We talk a lot about litigation in law school, but transactional work is actually a huge part of what law firms do — that includes mergers and acquisitions, and financing assets like pipelines. Throughout the whole development of a fossil fuel project the law firm is there. So for example, we did a whole case study on the Dakota Access Pipeline. There were several firms involved in lobbying, transactional work, and litigation for this project. There’s a firm Allen and Overy, and we found that they did the most transactional work for the fossil fuel industry from 2015-2019: in just those 5 years, they were the legal advisor on $150 billion worth of fossil fuel transactions. And that’s just one firm. When you take all the Vault 100 firms together, these firms did over 1.3 trillion dollars worth of transactional work over 5 years.
It blew my mind, so I can only imagine for people who aren’t as keyed into the environmental world what it’s like to see this.

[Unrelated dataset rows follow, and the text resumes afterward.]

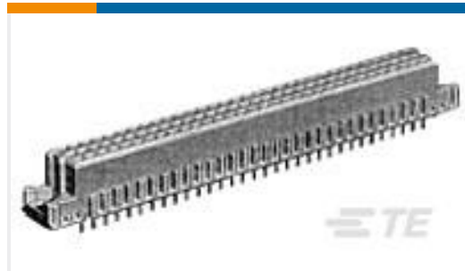
TE Part #535090-4 096 EURO TYPE C RECEPT ST ASSY
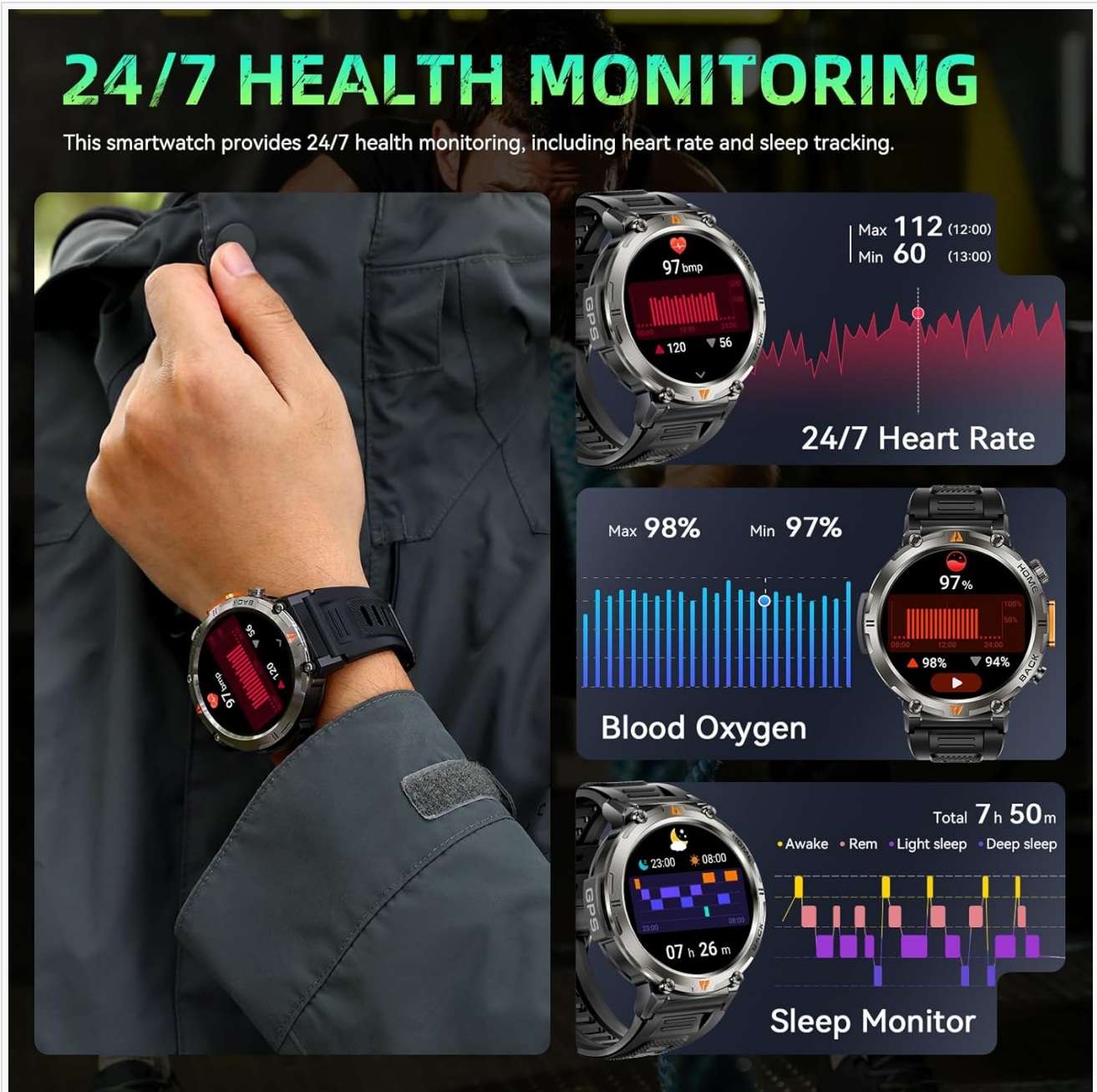
Image: Display of the smartwatch showing 24/7 health monitoring data, including heart rate, blood oxygen, and sleep tracking.

View detailed health data and analysis in the GloryFit app.
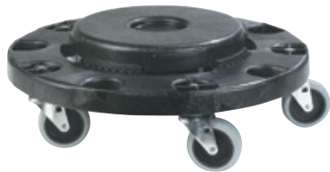
3691103 Standard Round Container Dolly 17-3/4" x 6"

Have you seen any reaction from the law firms being called out in the report?
In a lot of news coverage they’ve kind of declined to comment, which is not surprising. During the Paul, Weiss protests, the comment that we got is “oh, we represent our clients vigorously, and we are committed to upholding the rule of law.” But that doesn’t address the fact that they choose their clients. Part of what we’re aiming to do is to increase pressure on firms to address this. One firm, Baker & McKenzie [who received an F on LSCA’s scorecard], responded with a quote in Bloomberg about how they’re reducing their own emissions… which, to be honest, completely misses the point.

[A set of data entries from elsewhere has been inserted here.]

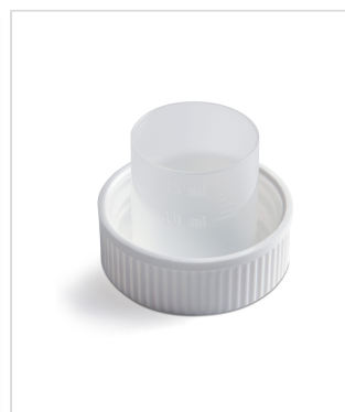
38 mm SecuRx® 15ml Dosage Cap™ with Ribbed Side Text Top
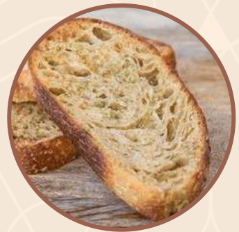
SOURDOUGH TOAST $2.9 / SLICE
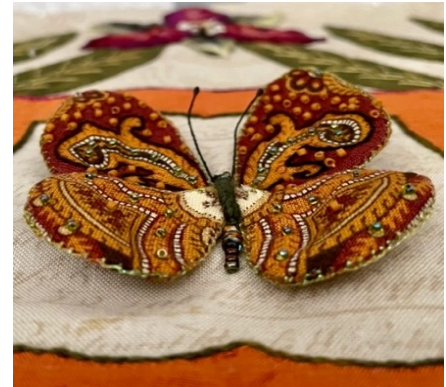
The butterfly is poised to fly, attached only in the center so the wings are free. Adding wire to the wings (optional) allows more molding to accentuate the dimensionality
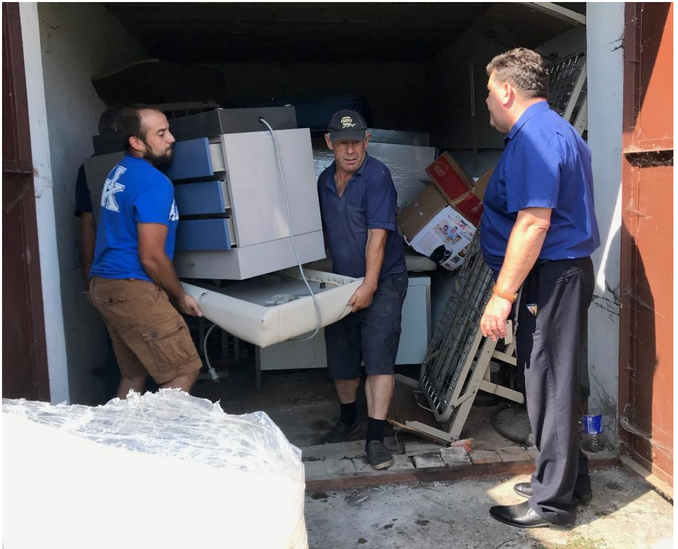
Head Doctor personally came to receive aid for the hospital
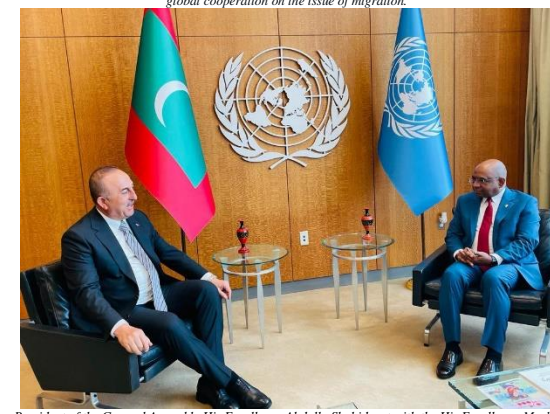
President of the General Assembly His Excellency Abdulla Shahid met with the His Excellency Mevlüt Çavuşoğlu, Minister of Foreign Affairs of Türkiye. Discussions primarily touched on issues relating to migration
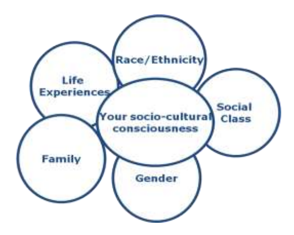
Figure 1: Socio-cultural Consciousness (adapted from Villegas & Lucas, 2002)

Socio-cultural consciousness (Figure 1) is the awareness that the way in which one sees the world is not universal, but is significantly molded by one's life experiences, tempered by such variables as race, ethnicity, social class and gender. Understanding that an individual's perspective of these variables is more a representation of personal experiences, and that they may not be shared by others, is a prerequisite for effective communication in a multicultural society (Villegas & Lucas, 2002). On a continuum of socio-cultural consciousness or dysconsciousness, we mirror our personal experiences and views of the world in our teaching.
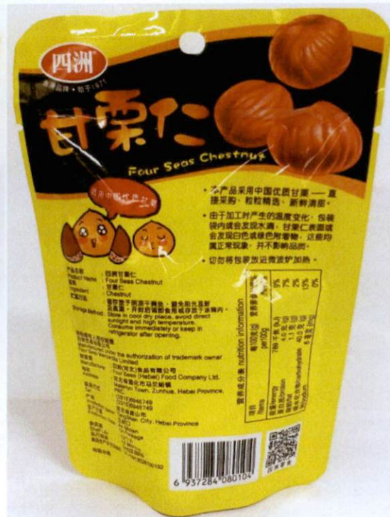
Figure 4. Unregistered Four Seas Chestnut, 50g (Brand Name in Foreign Character)
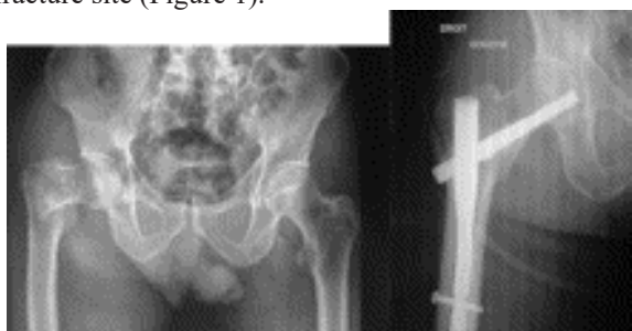
Figure 1: PFN-A™ device with static locking ensuring compression of the A1 fracture via back-out of the helical blade: 3-month follow-up.

The PFN-A™ device is a titanium reconstruction nail. Although this device is available in various lengths, diameters, and blade angles, all the study patients had implantation of the 200-mm nail measuring 10mm in diameter and having a blade-nail angle of 125°. The proximal nail angle in the coronal plane is 6°, to match human anatomy. An aiming device is used to achieve distal locking by inserting a screw through a hole that is either round (static locking) or olive-shaped (dynamic locking). The cephalic end of the device is a helical blade whose shape precludes rotation once locking is achieved but allows back-out to obtain compression of the fracture site (Figure 1).
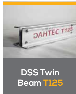
DSS Twin Beam T125

Secondary Runner. Is a galvanized high strength steel beam designed a structural member to support plywood in deck forming applications.
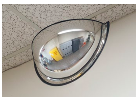
HALF DOME - 180°

What about from law students?
The #DropExxon protests really tapped into how many law students want to have their careers align with a livable future for our planet. We’ve had a very positive outpouring from law students. I’ve had multiple people reach out and say “I’m interested in maybe spending some time at a law firm but I’m really concerned about climate change, and I don’t want to work for a firm that’s doing the most to support fossil fuel transactions or the like.” The Law Firm Climate Change Scorecard is a long overdue resource and insight into the role of law firms in the climate crisis that they needed. We’ve had a lot of positive feedback from practicing lawyers as well.

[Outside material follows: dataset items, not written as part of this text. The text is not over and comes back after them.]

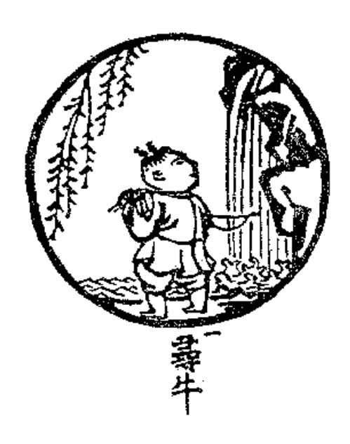
1 - The Search for the Bull

The inspiration for this first step, which is searching for the bull, is feeling that things are not wholesome, something is lacking. That feeling of loss produces pain. You are looking for whatever it is that will make the situation right. You discover that ego's attempt to create an ideal environment is unsatisfactory.
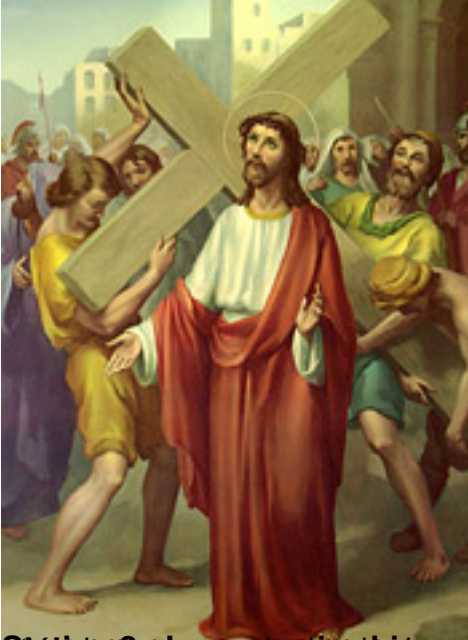
Station 2: Jesus carries his cross. He is assisted by several men, some of whom are carrying the cross's beams. He is surrounded by a crowd of people, some of whom are kneeling in prayer or distress.
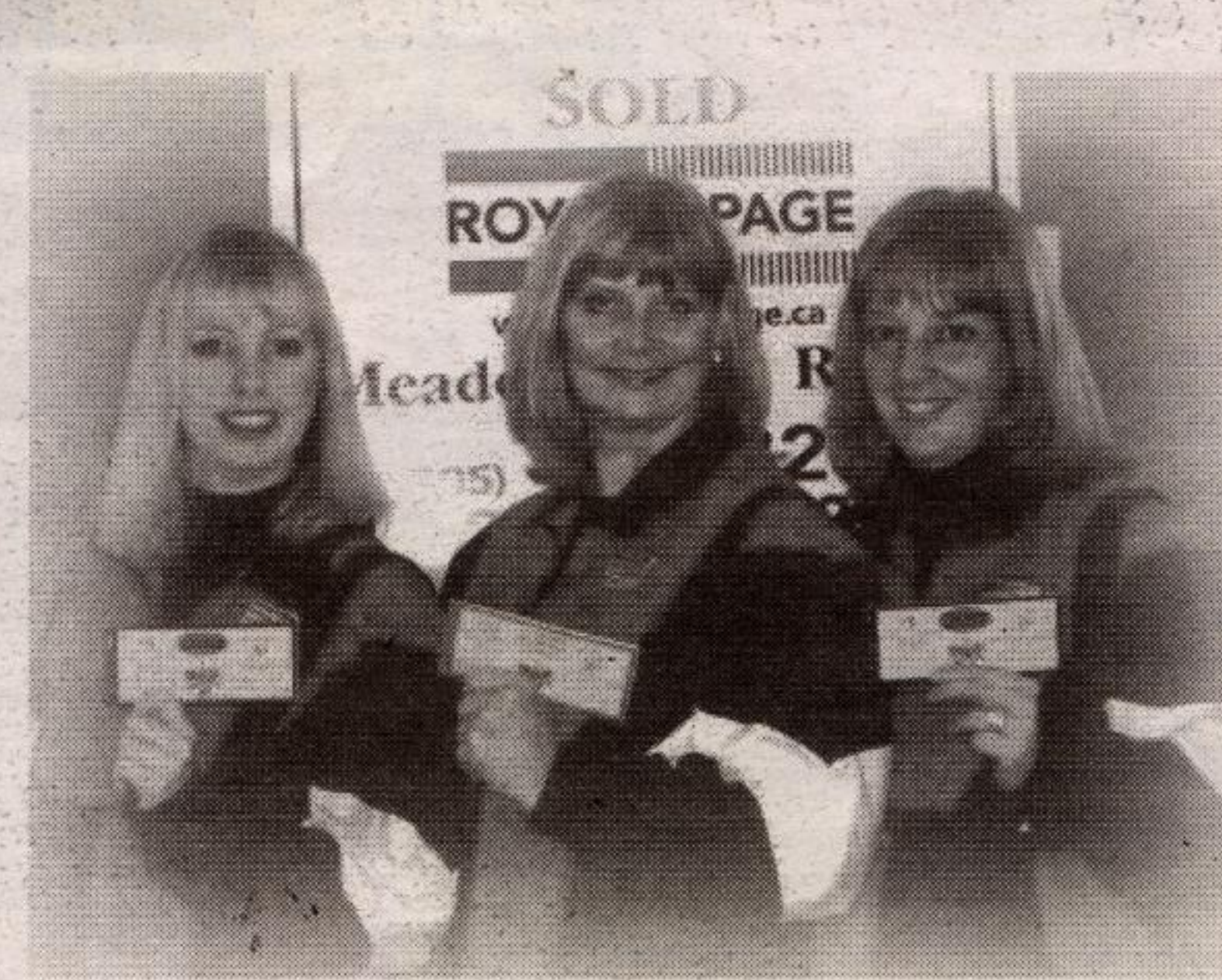
Opportunity Knocks!! $220,000

All the charming details you would expect to find in a character home are here: hardwood floors; brick fireplace with mantle; French Door style upper cabinets in the kitchen; formal dining room with chair-rail; mullioned windows, and sloped ceilings in the upper Master Bedroom. This 3+1 Bedroom 2.5 Bath home includes a 1 Bedroom In-Law Suite.
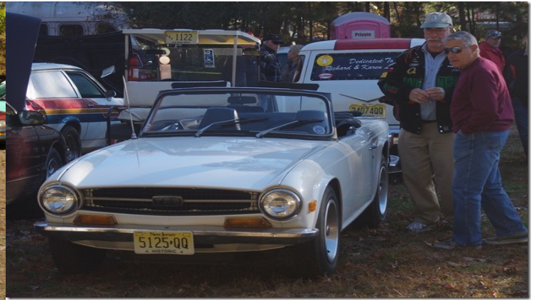
(above) Triumph TR-6 at the Pumpkin Run
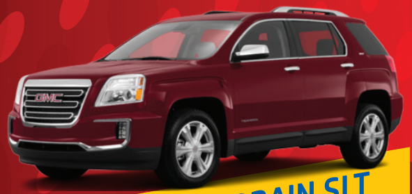
2017 GMC TERRAIN SLT
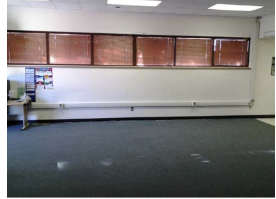
New IT Cabling Pathways on Walkways

How does this compare to the trajectory of representation of the tobacco industry when the public and local governments started holding them accountable?
What we’re doing is very much part of a long line of activism by the legal industry and law students to expose the role of law firms in getting these industries off the hook. For example, during Apartheid — there were boycotts of law firms that were continuing to support South Africa and various industries there despite global efforts to hold them accountable. And as we saw with tobacco, law firms were fighting tooth and nail to ensure that tobacco companies evaded accountability. It’s very similar to what’s happening with climate change. Numerous states and localities are seeing the real life impacts of climate change and having to front the bill, and these law firms are supporting the fossil fuel industry against the public.
There’s been a lot of momentum in the world of climate accountability lately. How would you characterize this moment?
This is a critical juncture.
We’re trying with Law Students for Climate Accountability to draw upon other excellent work that’s been done before us — looking at the role of banks in the climate crisis, looking at the role of institutions and tying into divestment. We see ourselves as another key piece in a movement, and the idea is that once there’s enough pressure, we’ll hit a critical point where we start to see a dramatic shift away from fossil fuels. We’re the next generation of lawyers. What kind of legal industry do we want to see and what kind of planet do we want to inhabit?